L’aspetto più tragico, ma anche il più comico della discussa legge delega sul federalismo demaniale che arriva domani sul tavolo del Consiglio dei Ministri, dopo l’ok della Commissione Bicamerale, è che non serve assolutamente a niente.
Sono giorni che ci viene ripetuto in tutte le salse che “il federalismo non costa, anzi, col federalismo si risparmia”: ma si risparmia che cosa, scusate?
La riforma introduce la possibilità per lo Stato di assegnare a costo zero gli immobili inutili alle Regioni e agli enti locali in genere, cosicchè essi li possano alienare o altrimenti valorizzare. Dunque, al massimo si risparmiano i costi di gestione delle caserme dismesse che lo Stato ha sul groppone senza sapere che farci. Il che può anche essere giusto, se quelle stavano li a marcire.
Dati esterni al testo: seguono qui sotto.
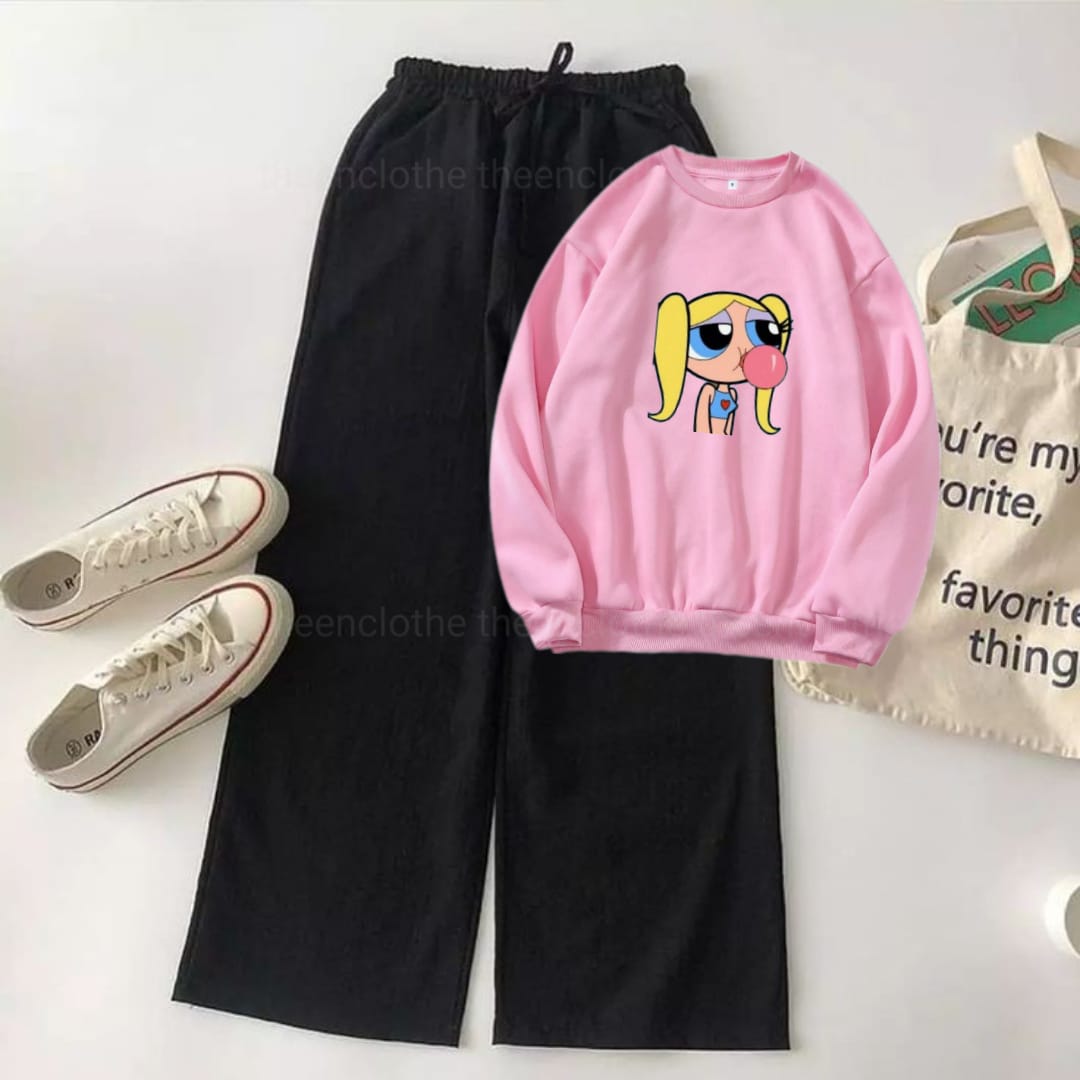 This combination of a cozy sweatshirt paired with stylish flapper trousers brings both warmth and elegance to your winter wardrobe. The soft, comfortable fabric of the sweatshirt offers a relaxed fit, perfect for layering or wearing on its own during chilly days. Meanwhile, the black flapper trousers add a touch of sophistication with their flowing design, providing a flattering silhouette that can effortlessly transition from casual daytime wear to a more refined evening look. Together, this pairing offers versatility and style, making it an essential part of your winter collection
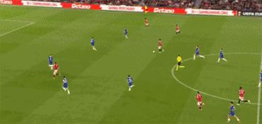 第 85 几分钟后,阿马德右路套边下底传中,足球击中毕尔巴鄂后卫的脚底映射,霍伊伦德在门口打进空门,曼联 3-1 毕尔巴鄂。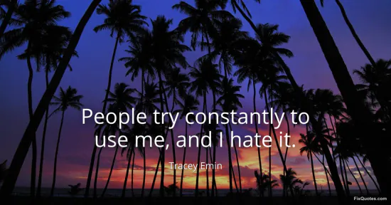 Emin, Tracey. "People try constantly to use me, and I hate it." FixQuotes. January 17, 2026. https://fixquotes.com/quotes/people-try-constantly-to-use-me-and-i-hate-it-78708/.

Ma andiamo oltre: queste caserme, o altri immobili analoghi, sfitti e inutili (è di questo che parla la legge: lo Stato si disfa di beni inutili, perchè quelli utili magari se li tiene, no?), finiscono alle Regioni. Allora: o alle Regioni questi immobili servono, ed esse si dovranno attrezzare per gestirli; e quindi, giù con uffici di gestione, assunzioni massicce, allargamento degli uffici di controllo del demanio regionale – o per valorizzarli, tipo, trasformare una vecchia caserma in un centro polifunzionale al servizio della città: lodevole, ma con quali soldi tutto questo, se Tremonti ha già detto che fra un mese segherà a tutti gli enti locali la metà dei trasferimenti?
Oppure alle Regioni questi beni non servono, e li dismette. Prima di tutto bisogna trovare qualcuno che se li compra, ‘sti beni sfitti. Chi? Boh. E così il bene, sfitto prima, finisce alla Regioni che non riescono a venderlo, e rimane sfitto dopo: alla grande.
Oppure qualcuno effettivamente se lo compra. Ok, bello. Allora diciamo che l’intento del governo, ovvero quello di trasferire il demanio alle regioni per “valorizzarlo” (cioè, per fare cassa, e menomale che hanno inserito l’emendamento per la vincolatività degli introiti alla copertura del debito pubblico, sennò chissà che ci facevano, poi, co’ ‘sti soldi) succede solo in un caso su quattro dei possibili. Il 25% di probabilità: un bel rischio. In ogni caso, poi, o la situazione non cambia, o lo stato guadagna: in nessun caso risparmia. Anzi, è molto probabile che, per colpa del rigonfiamento burocratico e della duplicazione degli uffici di gestione del demanio, i costi schizzeranno in alto.
E, comunque, se pure tutto va bene, lo Stato si comporta come quel riccone che, vecchio e soddisfatto, si ritira nel villone in campagna dopo aver venduto tutto quello che ha. Cioè, lo Stato, vendendo, alienando o altrimenti “valorizzando” il suo patrimonio immobiliare, si impoverisce. Poi però non lamentiamoci se le aste per il debito pubblico vanno deserte: perchè se io presto dei soldi a uno Stato pieno di case di lusso e bei palazzi che, alla bisogna, potrà vendere per pagarmi; o se li ha già venduti, magari i miei soldi li presto a qualcun altro.